> _Exercise data_
___

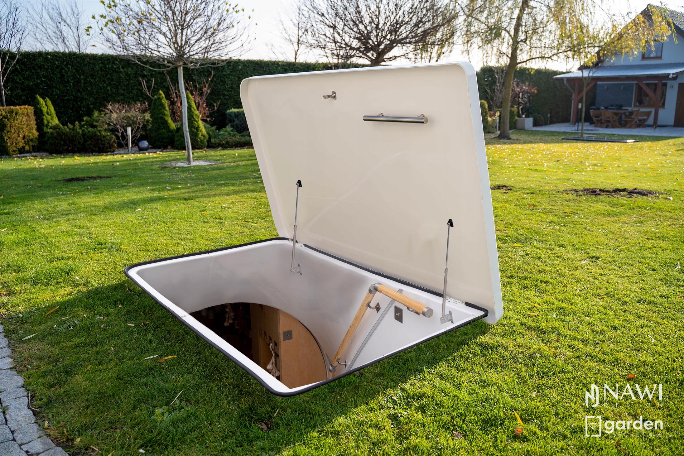 Завдяки повному викопуванню підвалу під землею Garden Secret 4 you® Basic не порушує архітектуру саду, і вам не потрібно турбуватися про великі, непривабливі конструкції. Підвал залишається практично непомітним, забезпечуючи вам полицю площею до 9,6 м² і площею підлоги 3,4 м². Це ідеальне рішення для зберігання запасів для всієї родини або навіть більшої кількості врожаю з саду чи городу.
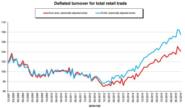 Максимальный месячный рост розничных продаж зафиксирован в Люксембурге (+1,9%), Бельгии (1,1%) и Франции (+0,8%). Максимальный спад наблюдался в Финляндии (-3,2%), Великобритании, не входящей в еврозону, но пока являющейся членом ЕС (-2,8%), а также в Ирландии и Швеции (-2,7% в обеих странах).
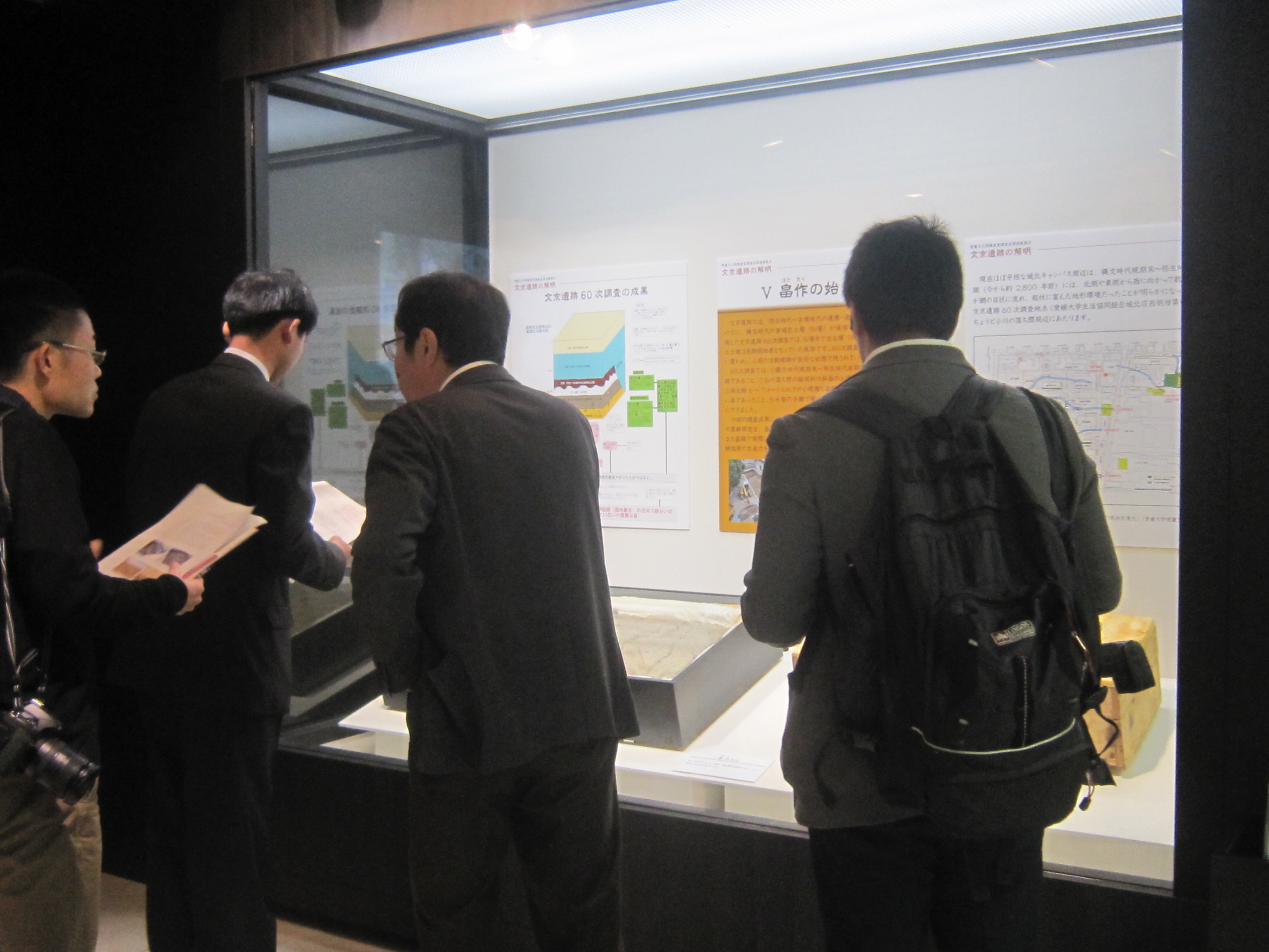 記者発表では、田﨑博之室長による概要説明の後、三吉秀充講師から詳細な説明があり、活発な質疑応答が行われました。その後、城北キャンパス大学会館横の発掘調査現場跡を見学し、続いて、本成果を成果速報展「文京遺跡の解明Ⅴ 畠作の始まり」として展示しているミュージアムへ移動し、切り取られた壁状の資料等を用いてさらに詳しい説明が行われました。
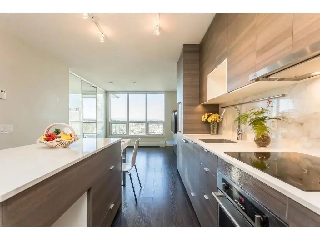 Spacious one-bedroom in the renowned Alumni Tower high-rise by BOSA. This bright east-facing home showcases unobstructed city views and innovative design. Features include a Murphy bed with mattress, a kitchen island with pullout dining table that seats up to 8, built-in appliances, a floating TV panel with guest bed, and abundant storage. Ideally located in the heart of Surrey City Centre, just steps to SkyTrain, bus loop, SFU, City Hall, library, restaurants, and T&T Supermarket.
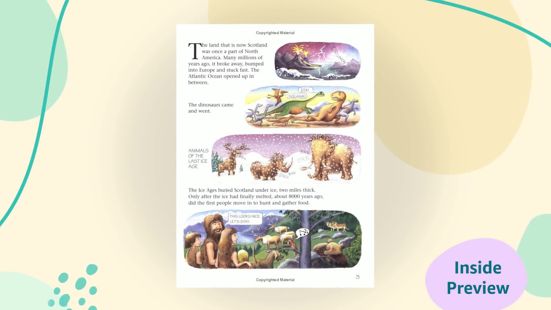 The story of Scotland from the Ice Age to the Vikings, the Picts and the Romans, to Robert the Bruce, Mary Queen of Scots, Bonnie Prince Charlie, Flora Macdonald, Sir Walter Scott, Logie Baird, Keir Hardie and many more famous Scots up to the present day. Each page is packed with colourful pictures and witty captions and speech bubbles, and a pithy text gives the facts and tells the story.This is a fun book, but it covers the material in a way that will make it attractive both to schools and to tourists.
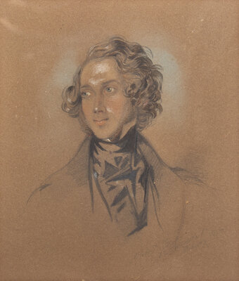 A fine and very early original half-length portrait of a young Charles Dickens, by English artist Alfred Henry Taylor (1810-68).

___

> _What is needed_
Pictures aside, repeat every line of the data above exactly.

> _Solution to this problem_
 Завдяки повному викопуванню підвалу під землею Garden Secret 4 you® Basic не порушує архітектуру саду, і вам не потрібно турбуватися про великі, непривабливі конструкції. Підвал залишається практично непомітним, забезпечуючи вам полицю площею до 9,6 м² і площею підлоги 3,4 м². Це ідеальне рішення для зберігання запасів для всієї родини або навіть більшої кількості врожаю з саду чи городу.
 Максимальный месячный рост розничных продаж зафиксирован в Люксембурге (+1,9%), Бельгии (1,1%) и Франции (+0,8%). Максимальный спад наблюдался в Финляндии (-3,2%), Великобритании, не входящей в еврозону, но пока являющейся членом ЕС (-2,8%), а также в Ирландии и Швеции (-2,7% в обеих странах).
 記者発表では、田﨑博之室長による概要説明の後、三吉秀充講師から詳細な説明があり、活発な質疑応答が行われました。その後、城北キャンパス大学会館横の発掘調査現場跡を見学し、続いて、本成果を成果速報展「文京遺跡の解明Ⅴ 畠作の始まり」として展示しているミュージアムへ移動し、切り取られた壁状の資料等を用いてさらに詳しい説明が行われました。
 Spacious one-bedroom in the renowned Alumni Tower high-rise by BOSA. This bright east-facing home showcases unobstructed city views and innovative design. Features include a Murphy bed with mattress, a kitchen island with pullout dining table that seats up to 8, built-in appliances, a floating TV panel with guest bed, and abundant storage. Ideally located in the heart of Surrey City Centre, just steps to SkyTrain, bus loop, SFU, City Hall, library, restaurants, and T&T Supermarket.
 The story of Scotland from the Ice Age to the Vikings, the Picts and the Romans, to Robert the Bruce, Mary Queen of Scots, Bonnie Prince Charlie, Flora Macdonald, Sir Walter Scott, Logie Baird, Keir Hardie and many more famous Scots up to the present day. Each page is packed with colourful pictures and witty captions and speech bubbles, and a pithy text gives the facts and tells the story.This is a fun book, but it covers the material in a way that will make it attractive both to schools and to tourists.
 A fine and very early original half-length portrait of a young Charles Dickens, by English artist Alfred Henry Taylor (1810-68).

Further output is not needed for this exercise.